== What is required ==
Under this line are the records; repeat exactly the lines starting at the one containing "С помощью присоски" and ending at the one containing "Chris McGrath/Getty Images", omitting pictures.

== Dataset content ==

((

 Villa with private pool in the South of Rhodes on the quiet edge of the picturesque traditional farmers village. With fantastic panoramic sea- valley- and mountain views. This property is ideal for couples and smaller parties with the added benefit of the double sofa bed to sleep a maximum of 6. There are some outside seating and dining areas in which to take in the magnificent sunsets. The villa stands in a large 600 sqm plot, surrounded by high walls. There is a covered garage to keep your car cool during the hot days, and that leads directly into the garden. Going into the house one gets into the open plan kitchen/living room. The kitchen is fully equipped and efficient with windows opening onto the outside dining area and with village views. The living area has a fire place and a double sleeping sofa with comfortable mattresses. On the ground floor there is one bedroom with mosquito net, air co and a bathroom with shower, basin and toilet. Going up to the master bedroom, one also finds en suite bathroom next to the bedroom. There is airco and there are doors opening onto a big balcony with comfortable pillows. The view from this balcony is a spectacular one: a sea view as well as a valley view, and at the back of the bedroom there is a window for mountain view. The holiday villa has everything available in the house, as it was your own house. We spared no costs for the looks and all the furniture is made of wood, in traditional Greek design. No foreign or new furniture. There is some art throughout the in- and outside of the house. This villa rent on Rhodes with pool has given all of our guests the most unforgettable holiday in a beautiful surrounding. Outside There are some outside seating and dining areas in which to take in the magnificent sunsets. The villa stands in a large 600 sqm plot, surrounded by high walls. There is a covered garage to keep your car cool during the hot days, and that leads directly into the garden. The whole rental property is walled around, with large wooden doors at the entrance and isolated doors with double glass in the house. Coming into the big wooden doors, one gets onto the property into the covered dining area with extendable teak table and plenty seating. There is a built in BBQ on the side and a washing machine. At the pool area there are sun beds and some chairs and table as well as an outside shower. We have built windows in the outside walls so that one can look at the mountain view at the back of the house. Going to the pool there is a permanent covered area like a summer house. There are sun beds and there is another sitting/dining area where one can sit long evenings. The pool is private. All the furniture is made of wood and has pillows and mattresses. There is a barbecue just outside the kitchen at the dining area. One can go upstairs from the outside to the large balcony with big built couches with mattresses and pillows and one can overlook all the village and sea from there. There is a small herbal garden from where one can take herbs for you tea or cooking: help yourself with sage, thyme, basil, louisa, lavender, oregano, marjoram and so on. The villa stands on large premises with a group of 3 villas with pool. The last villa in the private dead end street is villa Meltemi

))
((

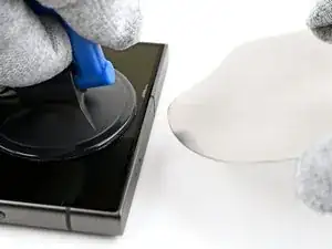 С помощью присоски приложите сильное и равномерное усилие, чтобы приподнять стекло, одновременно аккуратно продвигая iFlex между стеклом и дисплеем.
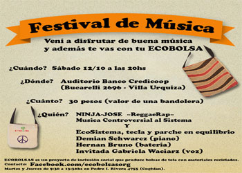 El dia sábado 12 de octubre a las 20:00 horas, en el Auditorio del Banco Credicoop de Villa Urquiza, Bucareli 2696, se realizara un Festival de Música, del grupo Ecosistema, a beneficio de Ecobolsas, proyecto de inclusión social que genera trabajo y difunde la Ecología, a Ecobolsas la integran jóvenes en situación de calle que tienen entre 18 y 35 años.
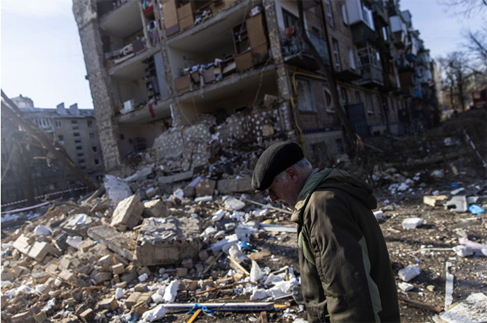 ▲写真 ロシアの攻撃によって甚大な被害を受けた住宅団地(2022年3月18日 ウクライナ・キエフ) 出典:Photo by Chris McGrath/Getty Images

))
((

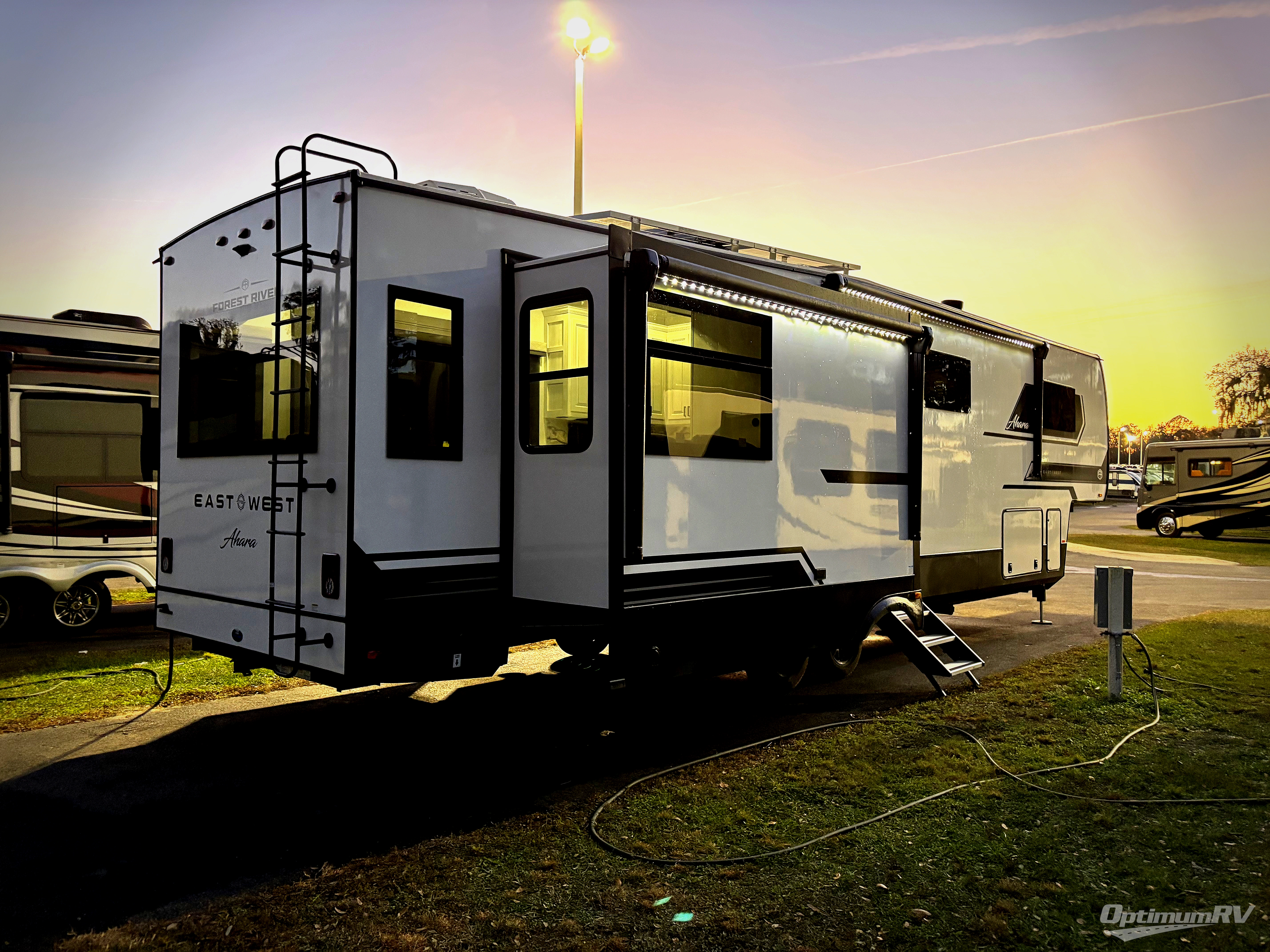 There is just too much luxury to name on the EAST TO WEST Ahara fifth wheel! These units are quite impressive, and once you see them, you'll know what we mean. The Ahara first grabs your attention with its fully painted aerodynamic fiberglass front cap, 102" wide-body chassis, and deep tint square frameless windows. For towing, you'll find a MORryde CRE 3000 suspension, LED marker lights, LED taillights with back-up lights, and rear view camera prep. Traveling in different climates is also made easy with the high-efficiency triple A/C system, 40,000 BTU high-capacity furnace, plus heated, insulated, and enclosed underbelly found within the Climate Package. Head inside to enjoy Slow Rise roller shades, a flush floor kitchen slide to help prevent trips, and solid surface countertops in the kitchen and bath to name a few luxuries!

))

== Solution to the problem ==
 С помощью присоски приложите сильное и равномерное усилие, чтобы приподнять стекло, одновременно аккуратно продвигая iFlex между стеклом и дисплеем.
 El dia sábado 12 de octubre a las 20:00 horas, en el Auditorio del Banco Credicoop de Villa Urquiza, Bucareli 2696, se realizara un Festival de Música, del grupo Ecosistema, a beneficio de Ecobolsas, proyecto de inclusión social que genera trabajo y difunde la Ecología, a Ecobolsas la integran jóvenes en situación de calle que tienen entre 18 y 35 años.
 ▲写真 ロシアの攻撃によって甚大な被害を受けた住宅団地(2022年3月18日 ウクライナ・キエフ) 出典:Photo by Chris McGrath/Getty Images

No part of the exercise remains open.